Thanks for your quick reply! I agree with most of what you said, especially about whether we want number to be a messy type or not. Though I think the current situation maybe isn’t that bad. I had a look at all the number properties and in many cases a unit is already specified in the description, in the property name, or there is a de-factor standard (see below).
I’m wondering if we could start by explicitly specifying a unit where this is already possible unambiguously, then start validating values passed into number properties and emitting warnings or rejecting invalid values as a second step?
From Aleph’s perspective, messy values are stored and displayed as is, but Aleph also tries to convert it to a proper numeric value, for example to support range queries. It could make use from additional unit metadata for display purposes (e.g. to provide a range filter UI), while still displaying the original “messy” value as a fallback if ambiguous in order to be backwards compatible with existing data.
On the specific proposal: I wonder if instead of specifying the unit for a specific prop (“all durations are in seconds”), it might make sense to specify the domain - time, weight, size - and then parse the value based on that?
Hadn’t thought of that. Would we still have one base/default unit and FtM would just convert to that unit transparently when you add a value?
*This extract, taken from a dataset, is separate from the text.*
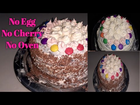 Black Forest Cake, Eggless, Made in pan. Eggless Baking without Oven , with out cherry . Layers of Chocolate cake, Whipped Cream and sugar syrup stacked and covered with whipped cream and decorated with gems and shredded chocolate. Its an tasty cake which kids would ask for more !!

entity.add("area", "2000 sqft") # or
entity.add("area", 2000, unit="sqft")
entity.first("area") # would return `185.8061` if the base unit is sqm
Overview of number properties
Some of them already specify a unit in the description (although that of course doesn’t mean everyone adding values to these properties is aware of that):
Property |
Description |
Unit |
Audio:duration |
Duration of the audio in ms |
milliseconds |
Audio:samplingRate |
Sampling rate of the audio in Hz` |
Hertz |
Video:duration |
Duration of the video in ms |
milliseconds |
Call:duration |
Duration in seconds |
seconds |
It’s a bit unfortunate that Audio:duration
uses milliseconds and Call:duration
uses seconds.
Some specify a unit in the property name:
Property |
Unit |
Vessel:tonnage |
GT |
Vessel:grossRegisteredTonnage |
GRT |
There are some properties that are just counts/indices and essentially “unit-less”:
Property |
Position:numberOfSeats |
Page:index |
Table:rowCount |
CallForTenders:numberOfLots |
CallForTenders:maximumNumberOfLots |
The Document
schema probably is primarily used by Aleph/ingest-file, so we could use that as a reference (it uses bytes) even though the FtM model currently doesn’t specify a unit?
Property |
Unit |
Document:fileSize |
bytes |
These properties are new and were added primarily for OpenSanctions, right? I checked a few random OS crawlers and they were all using meteres and kilograms for these properties. If this is the case for all of your crawlers, we could use that as a reference?
Property |
Unit |
Person:height |
meters |
Person:weight |
kilograms |
Currencies may be a special case, but I think we could probably treat currencies as units?
Property |
Note |
Unit |
BankAccount:balance |
Balance in the original currency specified by BankAccount:currency |
|
BankAccount:maxBalance |
Max balance in the original currency specified by BankAccount:currency |
|
Value:amount |
Value in the original currency specified by Value:currency |
|
Value:amountUsd |
|
USD |
Value:amountEur |
|
EUR |
CryptoWallet:balance |
Balance in the currency of the wallet specified in CryptoWallet:balance |
|
That leaves us with the following properties. I’ve had a look at some of our datasets and mappings and the situation is indeed messy 
Property |
Note |
RealEstate:latitude |
Degrees as a decimal number seems common, but other notations are sometimes used. |
RealEstate:longitude |
See above. |
RealEstate:area |
Seems to be sometimes mistaken with the name of the region, otherwise a mix of hectare, squarefoot, squaremeters. Values are often unitless and depend on context/dataset, so even detecting the unit wouldn’t work. |
Similar:confidenceScore |
Don’t think this is actively used by anyone? |